WORK ORDER
Reproduce the lines below exactly, from the one containing "2023 Kubota U55-4" through the one containing "衛(wèi)生間一反其它空間", both included. Leave out any pictures.

TASK INPUTS
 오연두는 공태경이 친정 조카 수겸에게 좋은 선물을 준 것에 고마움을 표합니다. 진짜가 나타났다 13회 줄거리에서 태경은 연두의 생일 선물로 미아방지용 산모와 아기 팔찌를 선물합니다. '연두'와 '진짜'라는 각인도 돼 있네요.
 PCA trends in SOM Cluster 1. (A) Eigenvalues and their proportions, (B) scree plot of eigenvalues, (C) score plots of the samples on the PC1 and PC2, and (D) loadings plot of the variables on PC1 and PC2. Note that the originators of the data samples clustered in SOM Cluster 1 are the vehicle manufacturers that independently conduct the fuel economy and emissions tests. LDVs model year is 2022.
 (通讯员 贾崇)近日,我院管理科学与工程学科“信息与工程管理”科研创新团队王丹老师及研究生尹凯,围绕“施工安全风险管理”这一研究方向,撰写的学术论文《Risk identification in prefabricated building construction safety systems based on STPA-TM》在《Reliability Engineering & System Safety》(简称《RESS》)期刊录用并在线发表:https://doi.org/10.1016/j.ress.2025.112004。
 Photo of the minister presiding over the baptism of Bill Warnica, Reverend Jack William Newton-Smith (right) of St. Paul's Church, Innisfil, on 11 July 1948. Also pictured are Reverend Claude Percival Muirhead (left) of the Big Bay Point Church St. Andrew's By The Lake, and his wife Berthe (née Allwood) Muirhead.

--

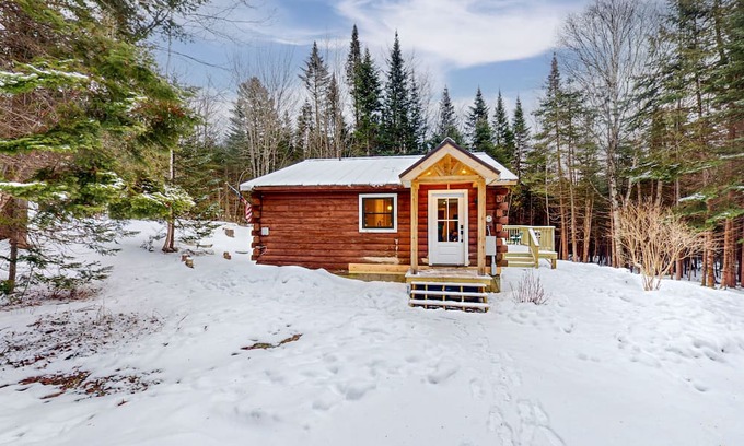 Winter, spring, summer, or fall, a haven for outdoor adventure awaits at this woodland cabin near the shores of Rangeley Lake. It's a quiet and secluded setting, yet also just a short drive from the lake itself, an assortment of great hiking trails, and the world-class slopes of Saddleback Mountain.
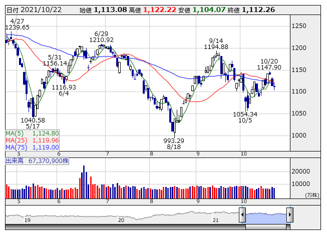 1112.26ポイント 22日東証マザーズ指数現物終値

* * *

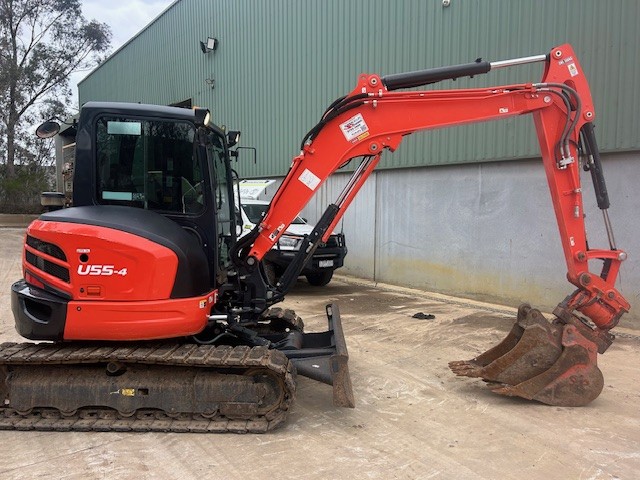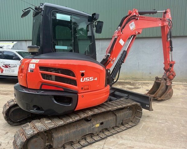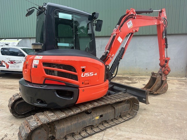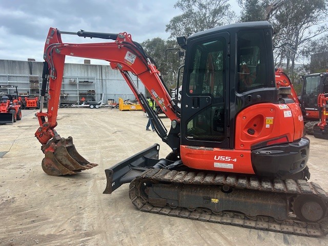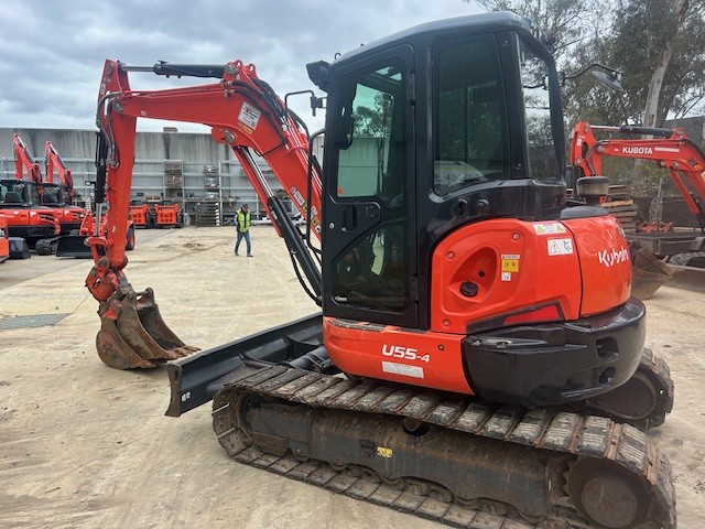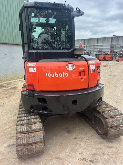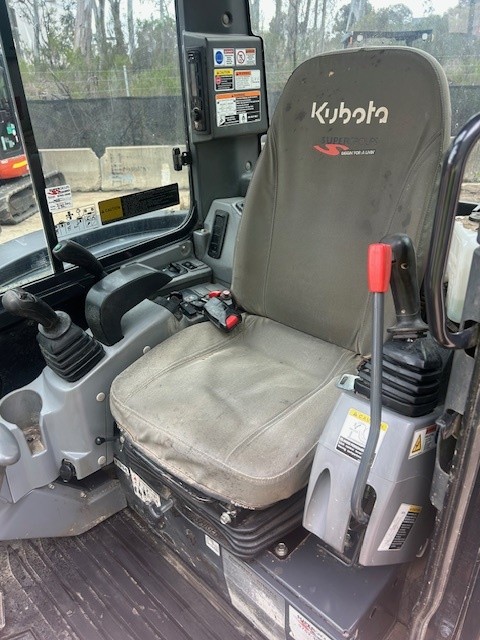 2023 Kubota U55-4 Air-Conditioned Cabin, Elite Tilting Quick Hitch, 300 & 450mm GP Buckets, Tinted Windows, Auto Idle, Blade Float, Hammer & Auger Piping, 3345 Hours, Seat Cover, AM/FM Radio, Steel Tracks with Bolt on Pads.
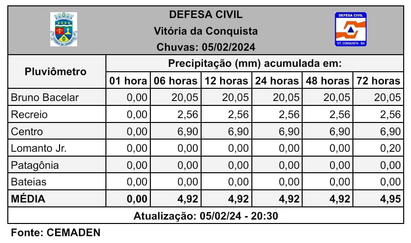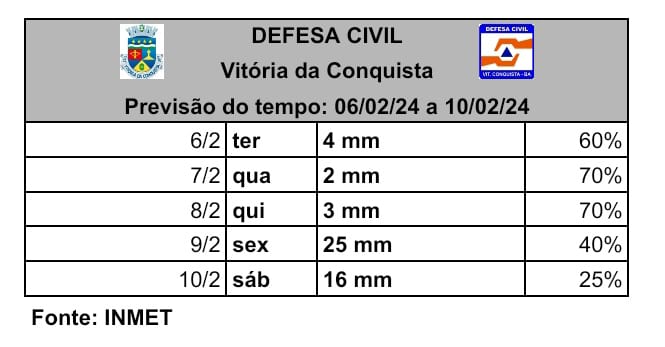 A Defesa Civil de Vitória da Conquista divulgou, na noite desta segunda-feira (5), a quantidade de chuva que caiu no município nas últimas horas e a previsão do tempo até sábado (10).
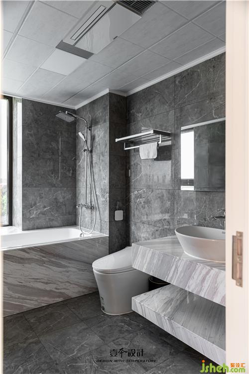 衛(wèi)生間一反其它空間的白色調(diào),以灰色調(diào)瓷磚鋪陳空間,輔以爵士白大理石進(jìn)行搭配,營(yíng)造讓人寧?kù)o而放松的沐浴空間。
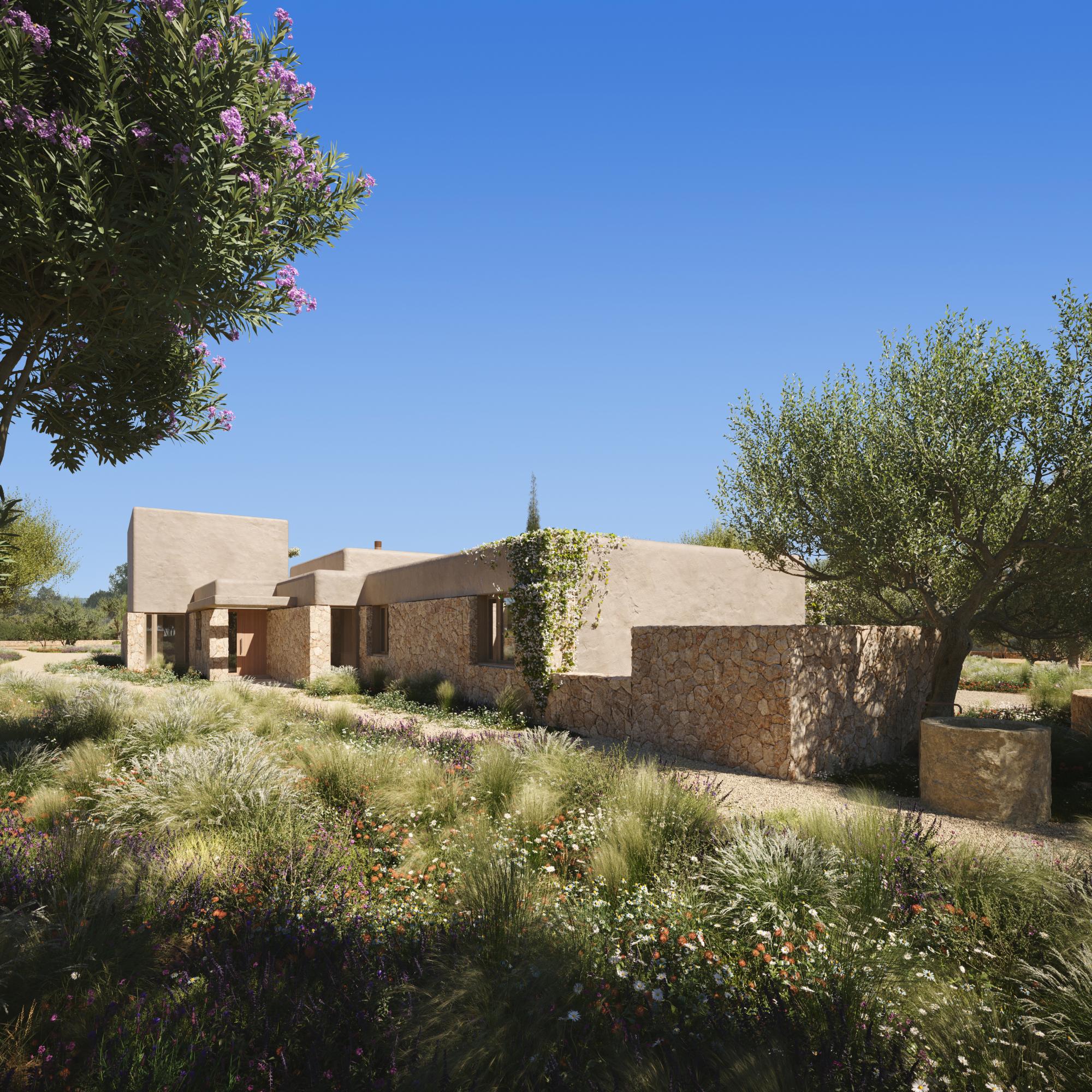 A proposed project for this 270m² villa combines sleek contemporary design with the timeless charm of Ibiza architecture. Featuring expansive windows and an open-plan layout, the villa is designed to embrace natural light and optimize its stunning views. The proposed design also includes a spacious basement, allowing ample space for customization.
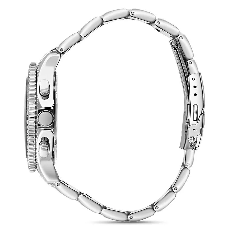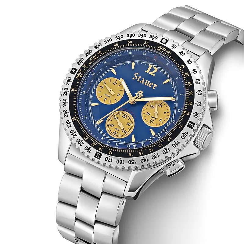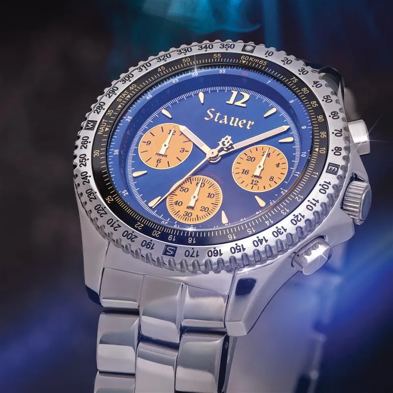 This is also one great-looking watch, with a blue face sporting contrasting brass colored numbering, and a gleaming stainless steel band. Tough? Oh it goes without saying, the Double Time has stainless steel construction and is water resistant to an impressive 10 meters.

EXERCISE RESPONSE
 2023 Kubota U55-4 Air-Conditioned Cabin, Elite Tilting Quick Hitch, 300 & 450mm GP Buckets, Tinted Windows, Auto Idle, Blade Float, Hammer & Auger Piping, 3345 Hours, Seat Cover, AM/FM Radio, Steel Tracks with Bolt on Pads.
 A Defesa Civil de Vitória da Conquista divulgou, na noite desta segunda-feira (5), a quantidade de chuva que caiu no município nas últimas horas e a previsão do tempo até sábado (10).
 衛(wèi)生間一反其它空間的白色調(diào),以灰色調(diào)瓷磚鋪陳空間,輔以爵士白大理石進(jìn)行搭配,營(yíng)造讓人寧?kù)o而放松的沐浴空間。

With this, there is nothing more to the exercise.